Posted on March 12, 2021

As health and development leaders try to ensure the lessons of COVID-19 inform how institutions are organised and reformed, how future investments are prioritised, and how policies can better protect people against the multiple impacts of infectious disease, they are taking stock of what caught them off guard.

Recently, Michael Igoe, a Senior Reporter with Devex, based in Washington, D.C. spoke to health and development leaders across the globe, among them our Chief Executive Officer, Dr Paul Wekesa on the global development gaps revealed by COVID 19.

“The reality is that when the pandemic hit, a lot of [international] experts went back home,” Dr Paul Wekesa said.

Dr Wekesa said he hopes the pandemic has demonstrated the value of investing in local institutions — an area where Kenya still has significant gaps, he noted — so that local leaders can emerge as the network for coordination with international expertise.

“I think the pandemic becomes a big lesson in terms of how do you grow local manufacturing for global health,” Dr Wekesa said.

Dr Wekesa and his colleagues did not feel resentment toward international donor representatives and experts when they returned to their own countries, he said because their investments have helped to build a base of local expertise.

“As local experts, we are actually grateful that there has been supportive policy to build local expertise in countries, such that when the pandemic hit, we realized that then this becomes a resource … upon which to base the responses and to enforce some of the responses in our spheres of influence,” Dr Wekesa said.

The pandemic also severed international supply chains at a moment of unprecedented demand for protective equipment such as masks. For Kenya, which depends heavily on imports, surgical masks became “a hot commodity” that was out of reach for many people until the country’s ability to manufacture them caught up.

“There was a lot of repurposing of local manufacturing, such that there was production of some of these essential tools for prevention locally, and that really had a big impact on pricing and on scale,” Dr Wekesa said.

“I think the pandemic becomes a big lesson in terms of how do you grow local manufacturing for global health,” he said.

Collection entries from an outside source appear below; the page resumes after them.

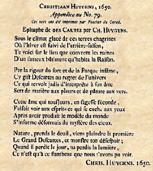 Huygens fu molto legato a Descartes e la cosa è testimoniata dai versi che egli scrisse nel 1650, in occasione della sua morte(9).
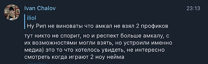 RIP и CKS, как составы с наибольшим числом профессионалов в основе и запасе, конечно, критически относятся к замечаниям, в духе — регламент не нарушили, какие могут быть вопросы. Вот мнение Эмиля и Максима Мякова на этот счет, например.
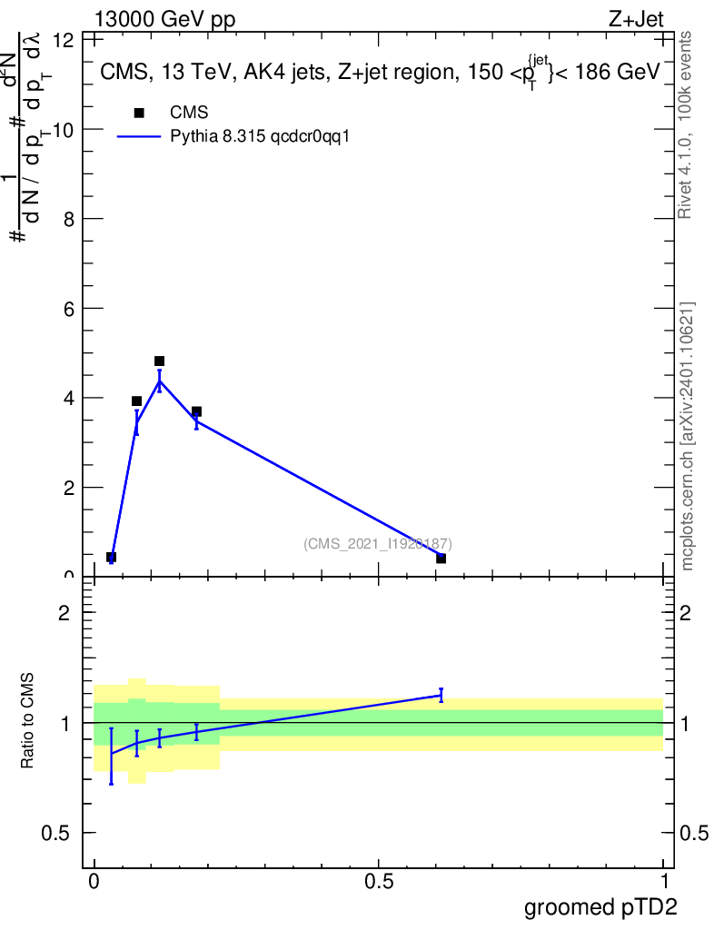 Lines: data, pythia8 8.315 qcdcr0qq1 |
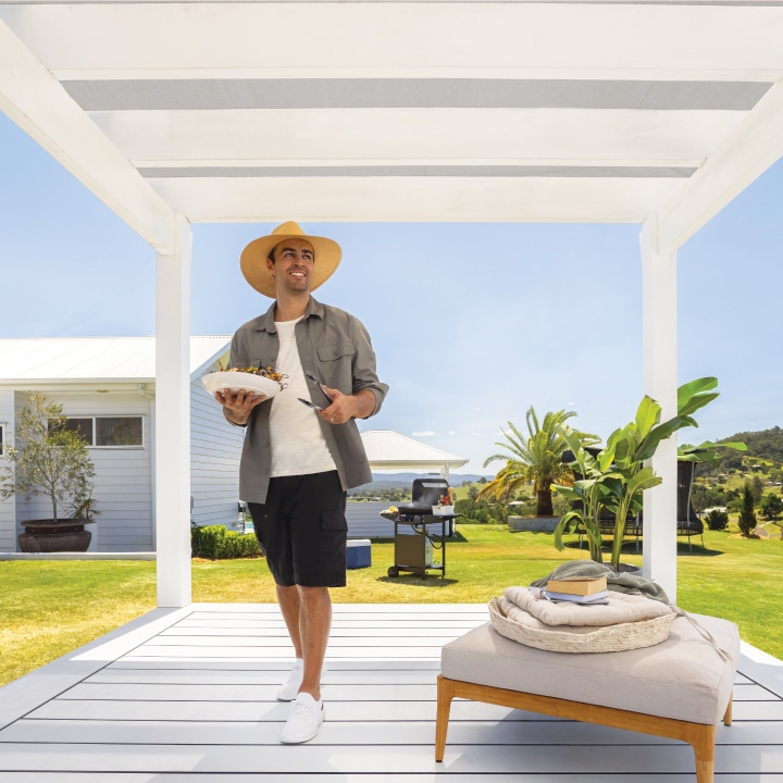 強い日差しをカットして、心地よい屋外空間に。人もペットも快適に過ごせるガーデンシェード。
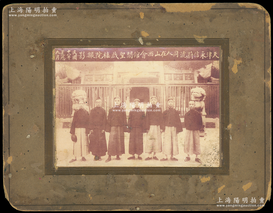 民国十八年夏历九月(1929年)“天津永信蔚号同人在山西会馆关圣戏楼院撮影”历史老照片1张,原装帧,带框尺寸220×170mm;胡俊良先生藏品,此种山西票号(银号)业老照片存世罕见,可适用于展览或典藏;保存较佳,敬请预览
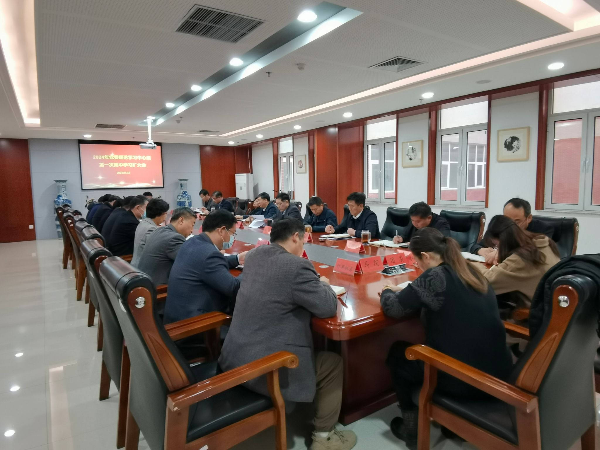 1月12日下午,beat365官网召开2024年党委理论学习中心组第一次集中学习扩大会,学习习近平总书记在北京河北考察灾后恢复重建工作的重要讲话、习近平总书记在中共中央举行纪念毛泽东同志诞辰130周年座谈会上的重要讲话精神、新修订的《中国共产党纪律处分条例》、国家主席习近平二〇二四年新年贺词。党委书记张效松主持会议,党委理论学习中心组全体成员、学生工作部、教师工作部、后勤管理处、校团委、马克思主义学院负责人以及各系党总支书记参加会议。
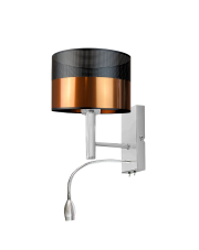 Kinkiet z podwójnym źródłem światła BOSTON VELUR i giętkim panelem LED do czytania
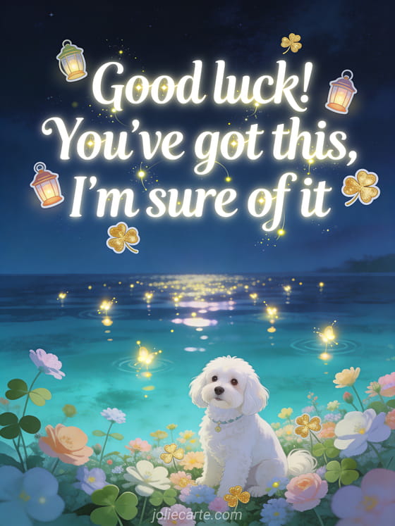 Share this magical night card to encourage a colleague and show you believe in them. Discover also a good luck message for job interview or a good luck meme card.
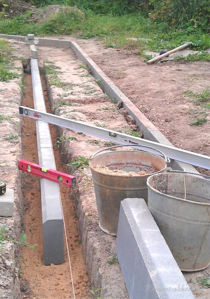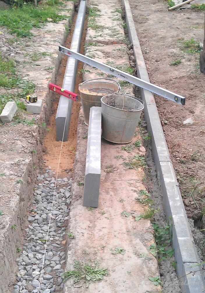 После выемки грунта идёт установка бордюров. Всё также: по уровням и по расстояниям.
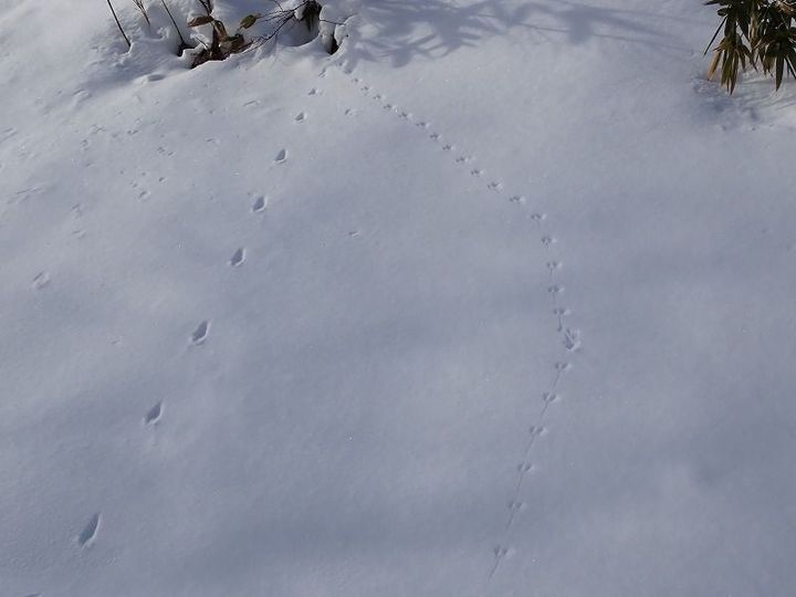 小さな跡が連続してついているのは、穴から出てきたネズミの足跡。
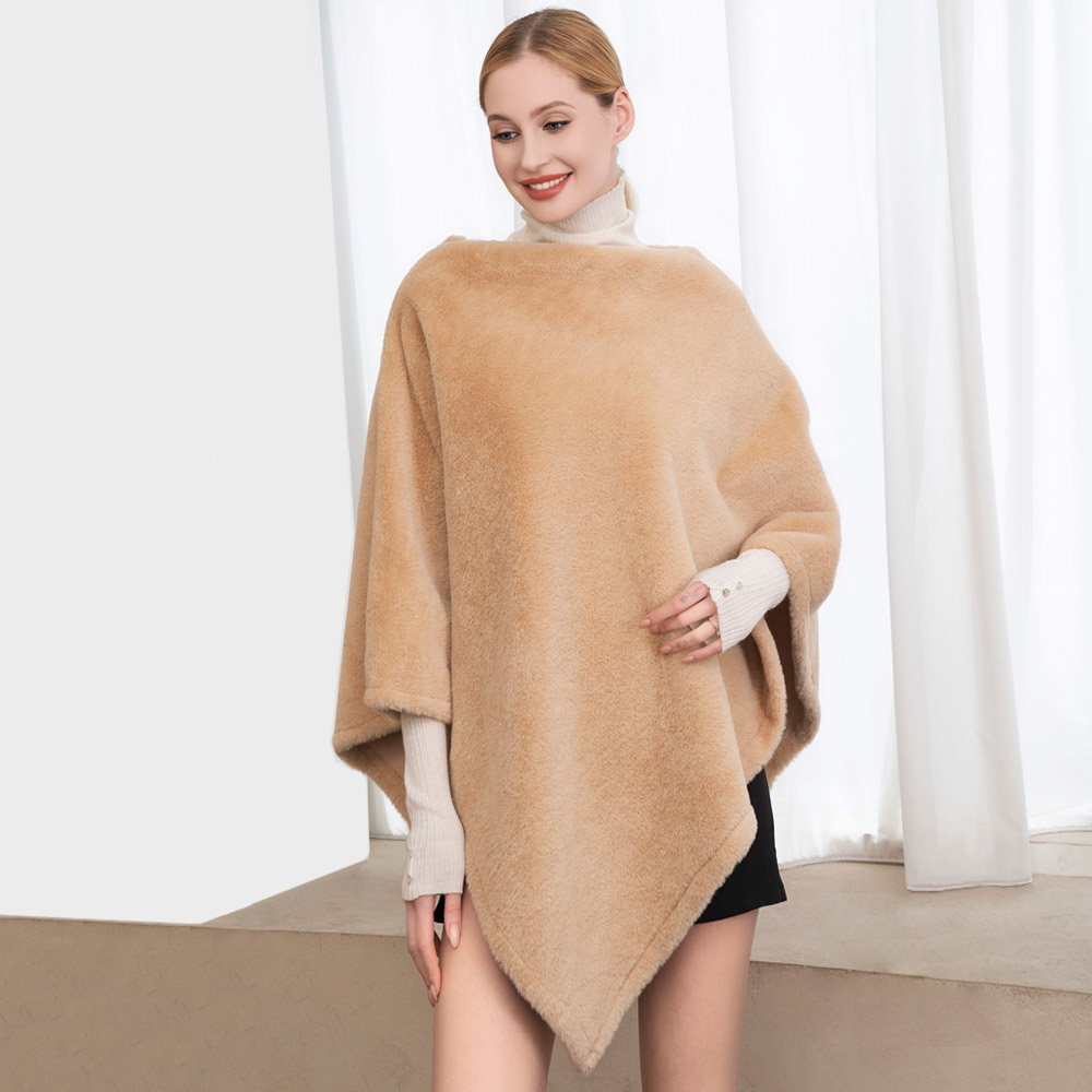 Solid Faux Fur Poncho Solid Faux Fur Poncho
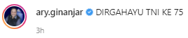 CEO ESQ Group, Dr. (H.C) Ary Ginanjar Agustian turut mengucapkan “DIRGAHAYU TNI KE 75” pada Instagram pribadinya @ary.ginanjar.
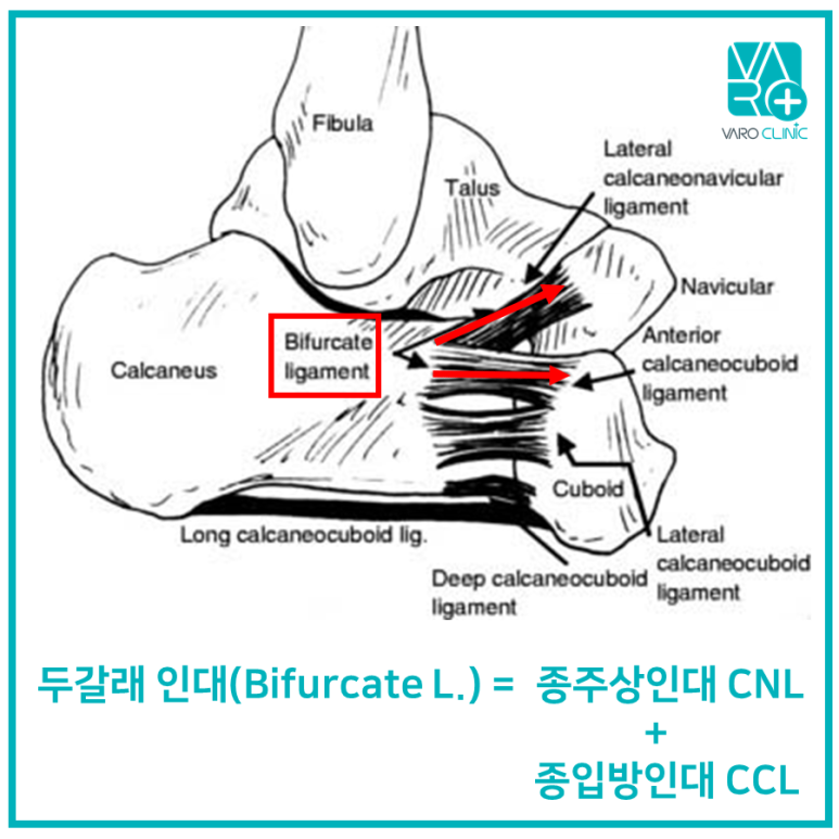 특히 종골의 전방돌기는 두갈래인대(bifurcate ligament)가 늘어나면서 뼈 조각이 떨어지는 견열골절이 흔하게 발생하는 곳입니다.
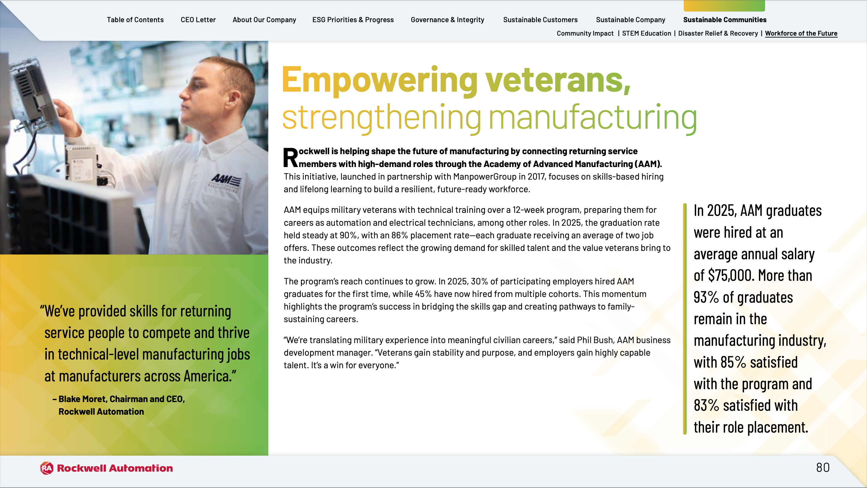 Manufacturing companies are facing a skill shortage and struggling to find candidates to fill many critical manufacturing jobs. In addition, the costs to source, recruit, assess, select and develop a highly skilled workforce are growing rapidly. To tackle the critical skills shortage in the fast-evolving manufacturing sector, Rockwell Automation and ManpowerGroup developed the Academy of Advanced Manufacturing (AAM) – a joint initiative to provide U.S. military veterans with the upskilling they need to succeed in advanced manufacturing roles. This veteran training program not only helps bridge the manufacturing skills gap, but it also helps provide jobs for veterans.

These commodities were lower priorities for Kenya’s manufacturing sector before, but the pandemic has shown that there is both a market and a clear public need for “proximal access to essential equipment for pandemic response in the future,” he said.

Seeing the mass uptake of these basic health commodities has also opened people’s eyes to the possibilities for large-scale preventive responses to other infectious diseases, especially respiratory diseases, according to Wekesa.

“Nobody had seen the scale to which adoption would occur,” he said.